- _Problem details_: Using the data below, print exactly the line with "Pour ce mois", the line with "A taste of tanzanite", and every line between them, but none of the pictures.

- _Records for this exercise_:
╔══
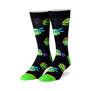 Cowabunga dude! These Teenage Mutant Ninja Turtles socks are tubular. Featuring all four turtle heads in classic 80s retro style, these socks are sure to make you feel heroic. Whether you're bustin' moves at the pizza parlor or fighting crime in the sewers, these socks will have you saying Turtle Power! every time you put them on. Shredder and the Foot Clan don't stand a chance.
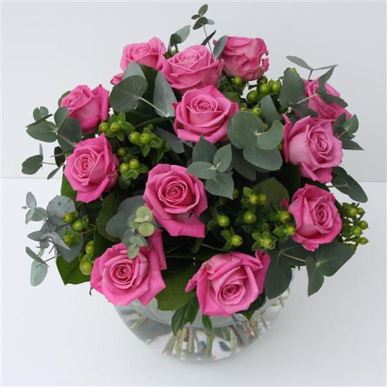 A dozen long stemmed pretty pink roses combined with mixed foliage and hypericum berries.
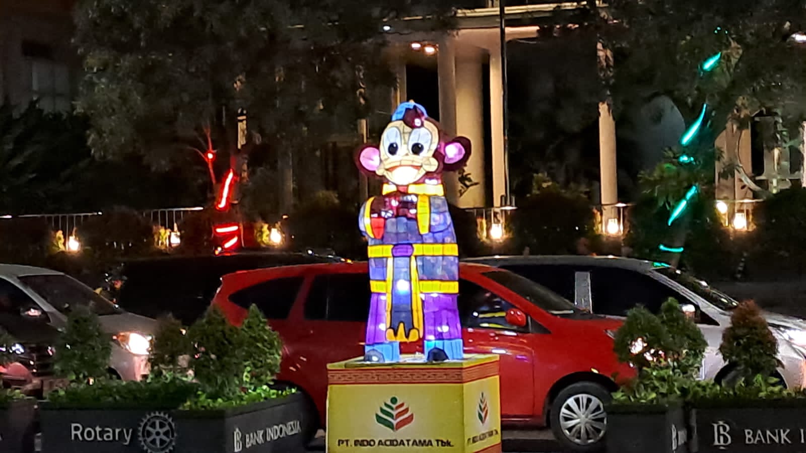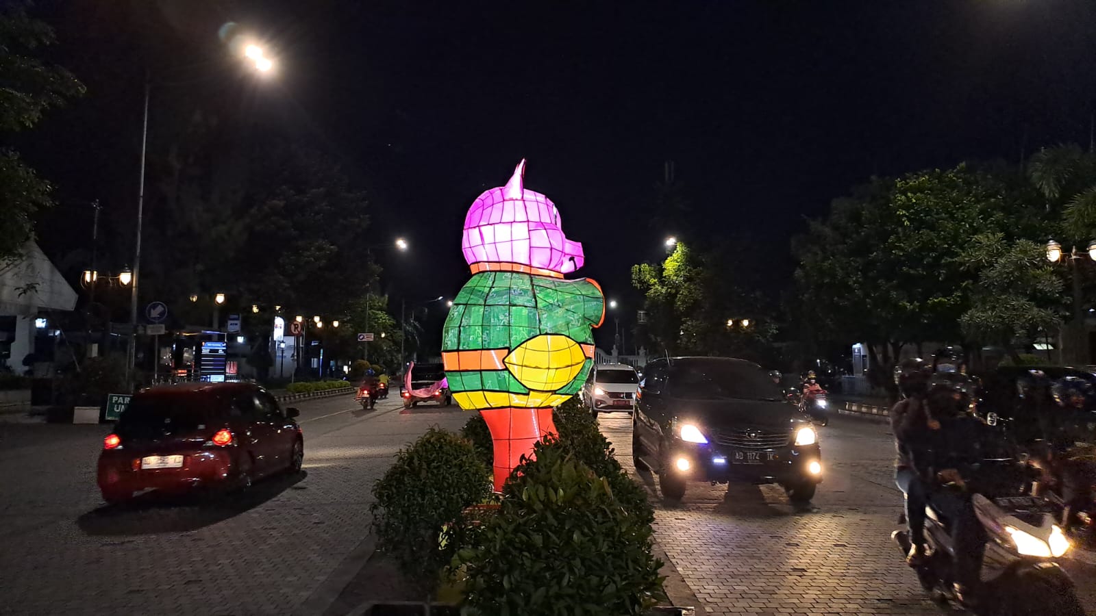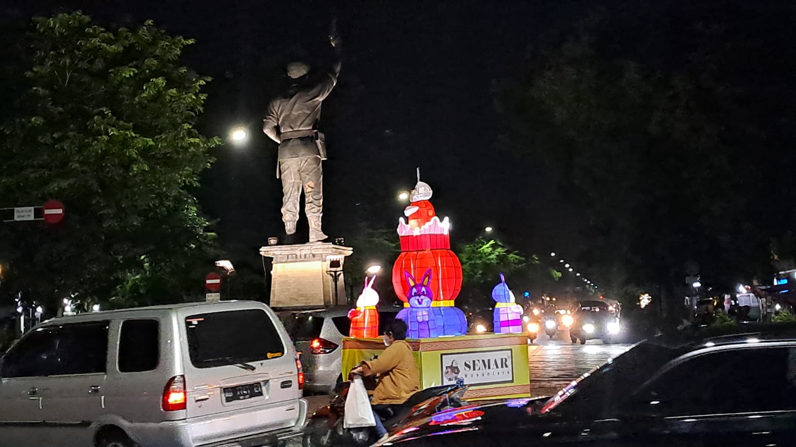 Lampion Master Kelinci berputar menyala di Bundaran Gladag bersanding dengan Patung Monumen Patung Slamet Riyadi di Solo, Sabtu (7/1/2023)
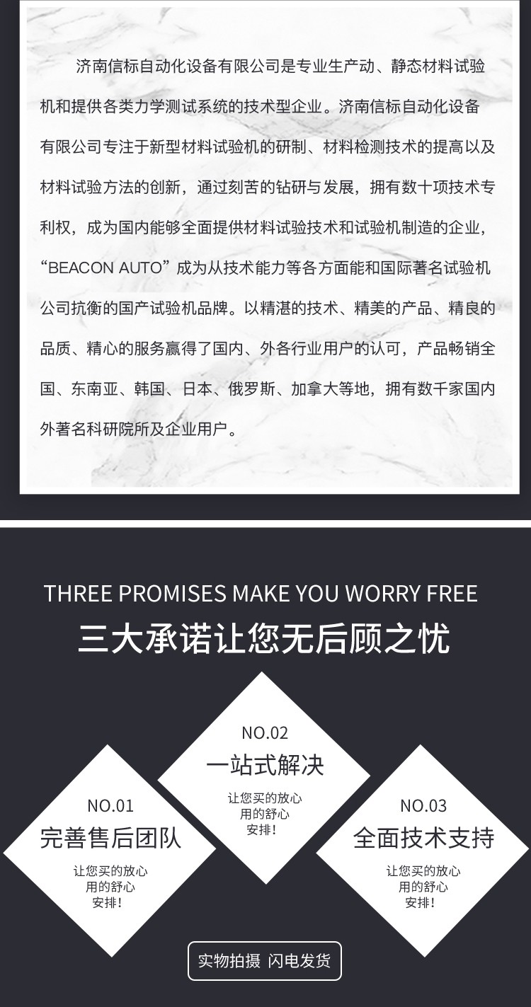 五、系統配置 1.主機一臺; 2.高精密導軌+滑塊二副; 3.減速系統一套 4.高精度負荷傳感器一只; 5.噴塑外殼一套 6.電源線、數據線各一根 7.地腳螺栓一套 8.試驗工具一套 9.扭轉附具一套 10.說明書、合格證、裝箱單各一份 11.全數字MCU控制系統一套;
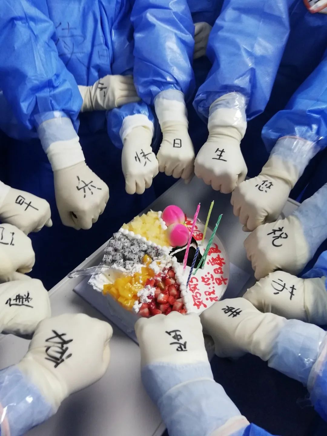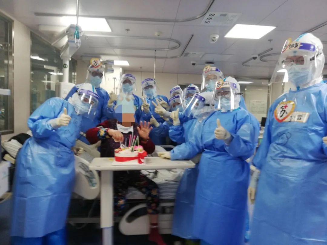 3 月 7 日 18 點,交接班時,江蘇、黃石兩地醫(yī)護人員為老人送上了一份驚喜,準備了蛋糕和蠟燭,為老人唱起生日歌,當大家一下子都圍在張奶奶面前時,老人驚呆了,開心地眼淚都要落下來,現(xiàn)場氣氛十分暖心。
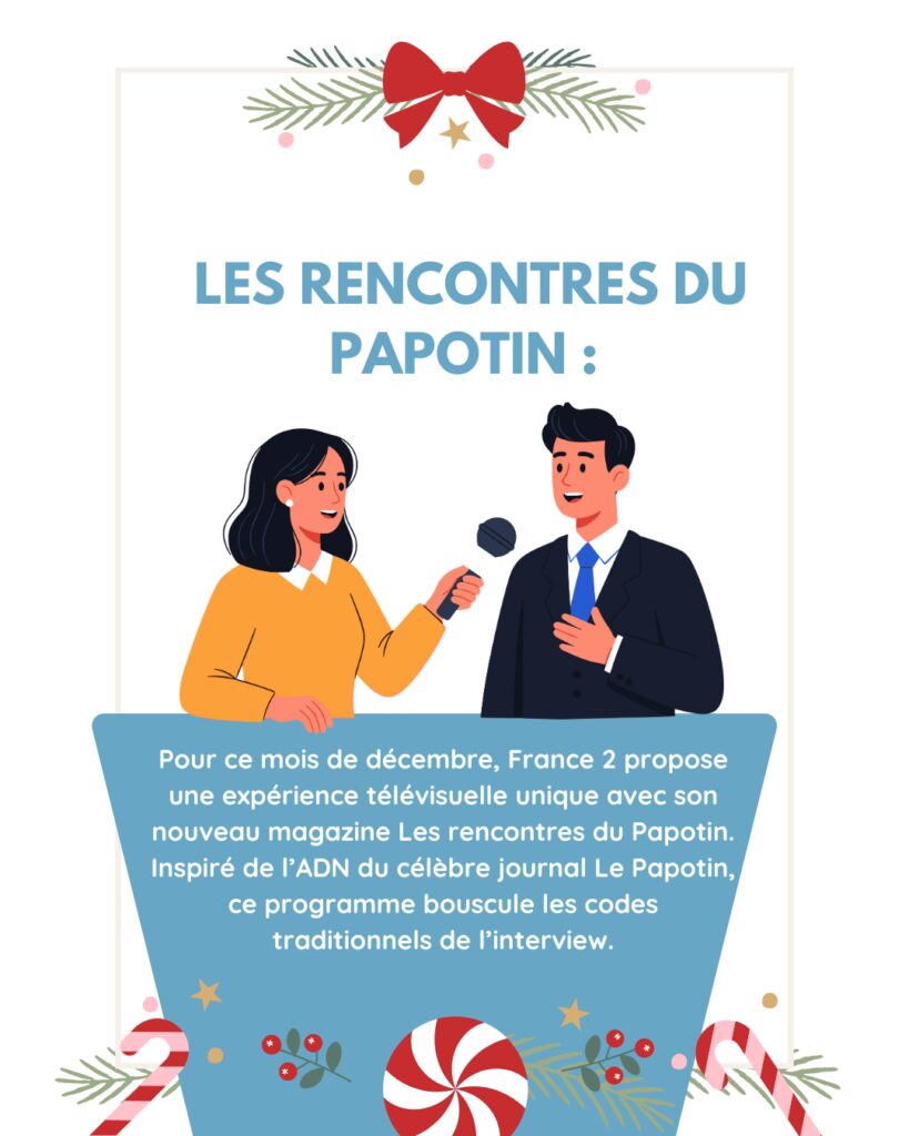 Pour ce mois de décembre, France 2 propose une expérience télévisuelle unique avec son nouveau magazine Les rencontres du Papotin. Inspiré de l’ADN du célèbre journal Le Papotin, ce programme bouscule les codes traditionnels de l’interview.
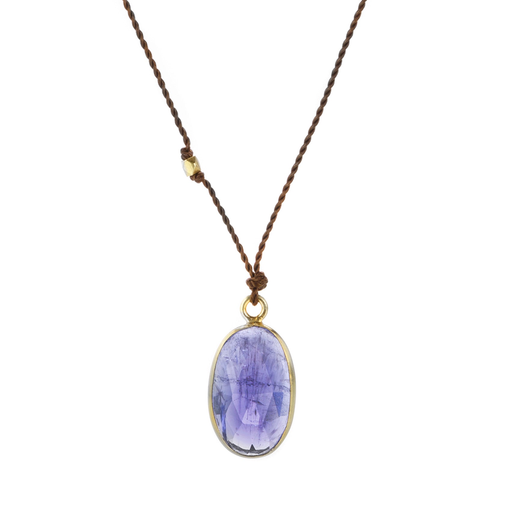 A taste of tanzanite brings unique color and versatility! This brown nylon corded necklace from Margaret Solow features a 14k yellow gold bezel set, faceted oval tanzanite pendant. Stone measures 5/8" x 3/8" on a 17" cord with a faceted gold bead accent. Handcrafted in Los Angeles, CA, U.S.
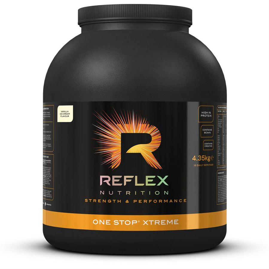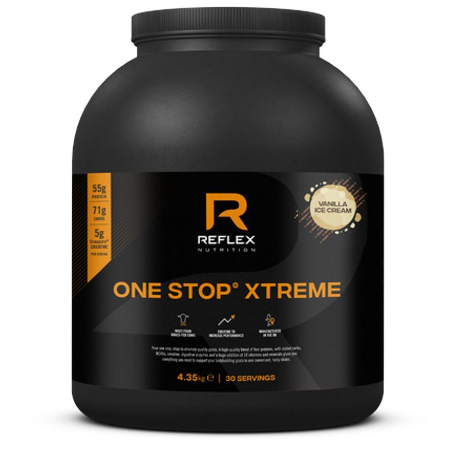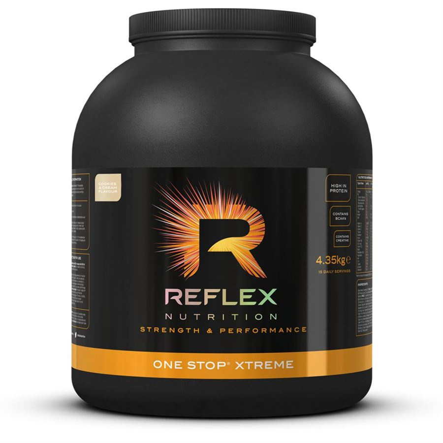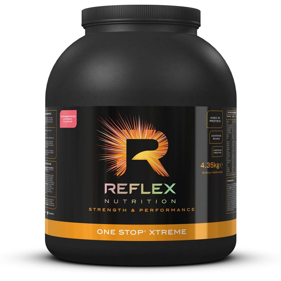 One Stop XTREME je nejsilnější hardcore verzí společnosti Reflex Nutrition, která byla vyvinuta za posledních 15 let! Koncepce celého produktu je určena pro všechny sportovce, jejichž cílem je nárůst svalové hmoty. Základ One Stop XTREME tvoří patentovaná směs bílkovin s postupným uvolňováním Quattro®, která je jako VŽDY v každé výrobní šarži produktu testována na garantovaný obsah použitých bílkovin a aminokyselin
╚══
- _Reply_:
 Pour ce mois de décembre, France 2 propose une expérience télévisuelle unique avec son nouveau magazine Les rencontres du Papotin. Inspiré de l’ADN du célèbre journal Le Papotin, ce programme bouscule les codes traditionnels de l’interview.
 A taste of tanzanite brings unique color and versatility! This brown nylon corded necklace from Margaret Solow features a 14k yellow gold bezel set, faceted oval tanzanite pendant. Stone measures 5/8" x 3/8" on a 17" cord with a faceted gold bead accent. Handcrafted in Los Angeles, CA, U.S.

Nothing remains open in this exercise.